Ты тогда ничего не ответил. Ничего – и лишь для того, чтобы много позже этот разговор вспомнить. Много воды утекло, но понимание, вот оно – Велин тогда был, наверное, первый и единственный раз прав. Никому, по сути, и не нужна критика – острая, она иногда тупеет, находя на каменные головы ее читателей. Великая – мельчает, расходуя себя на бульварное чтиво. В эпоху интернета и кинематографа проститутка ценится выше – загнанная в рамки своей профессии, она хотя бы не притворяется кем-то еще.

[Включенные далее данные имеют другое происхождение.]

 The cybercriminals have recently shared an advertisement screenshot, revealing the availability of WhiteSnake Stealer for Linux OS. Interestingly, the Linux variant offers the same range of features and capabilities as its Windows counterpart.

Крик, что издал в свое время Лаокоон, был пустышкой – никем по сути незамеченный, он остался всего лишь выдуманным историческим фактом, тогда как мог бы стать отличным символом, отличным – даже удивительно, как величие Велина родило этот сильный образ среди красных мыслей в краснокруглой голове. Миша, почему ты, прислоненный и уставший, посмотрел на потолок? Зачем ты громко и отчетливо прошептал, смотря красными глазами на что-то незаметное для всех:
– Я не хочу теперь становится символом, слышишь, Велин, и ты, ты слышишь? Нет строек и созидания, есть критика, и эта критика велит – живи. Я… жить… жить хочу, буду.
6
Отпустило, поправило. Ужасно пить захотелось – а жажду, кроме как водой из-под крана, и утолить-то нечем. Может, Аней? Но до вечера ее не будет; да и не та эта жажда была. Не любви, не тяги к обладанию и спрятанного в ладошках поцелуя хочется; нет, просто чего-то еще, кроме вредной и почти бесплатной воды. Захотелось пить – а об остальном незачем уже думать, следует лишь отодвигать на задний план; жажда как образ поиска жизненно важного в мировой литературе; вот он – мотив, вот она – цель человечья…

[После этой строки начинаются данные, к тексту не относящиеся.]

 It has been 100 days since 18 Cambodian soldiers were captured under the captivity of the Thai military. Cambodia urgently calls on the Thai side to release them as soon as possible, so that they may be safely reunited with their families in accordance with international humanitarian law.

Кто ты такой, Миша Громов? В чем твой смысл был и в чем он заключен теперь? К черту такие мысли – однако, теперь от них не отвертеться. Надеяться все еще можно – но глубоко в подсознании становится понятно: что-то всегда меняется, что-то переливается; белая вода в красное вино и наоборот; не будет в твоей жизни больше критики и уродливо высмеянных светом и тенью коллег, красного вина и улыбок, корпоративов и приказов, отдаваемых толстыми людьми. Начиналось ли одиночество или продолжалось? Тоже вопрос; одни вопросы о жизни, чем-то напоминающие моэмовский персидский ковер – там тоже все было не так однозначно; хотя, если вдуматься, однозначности и вовсе нет – только жалкие иллюзии и фантазии, что заставляют смотреть на мир однобоко. Да, паршиво – и от мыслей таких тошно, и поглубже их никак не засунешь. Просто теперь будешь немного грустнее – хотя и раньше веселье как-то не било через воображаемый край. Уволен, выкинут, унижен; свет твоего слова стал тьмой твоего слова; критика, как и Бог, мертва – ницшеанство в прошлом, хочется думать о воде и немного о женщинах.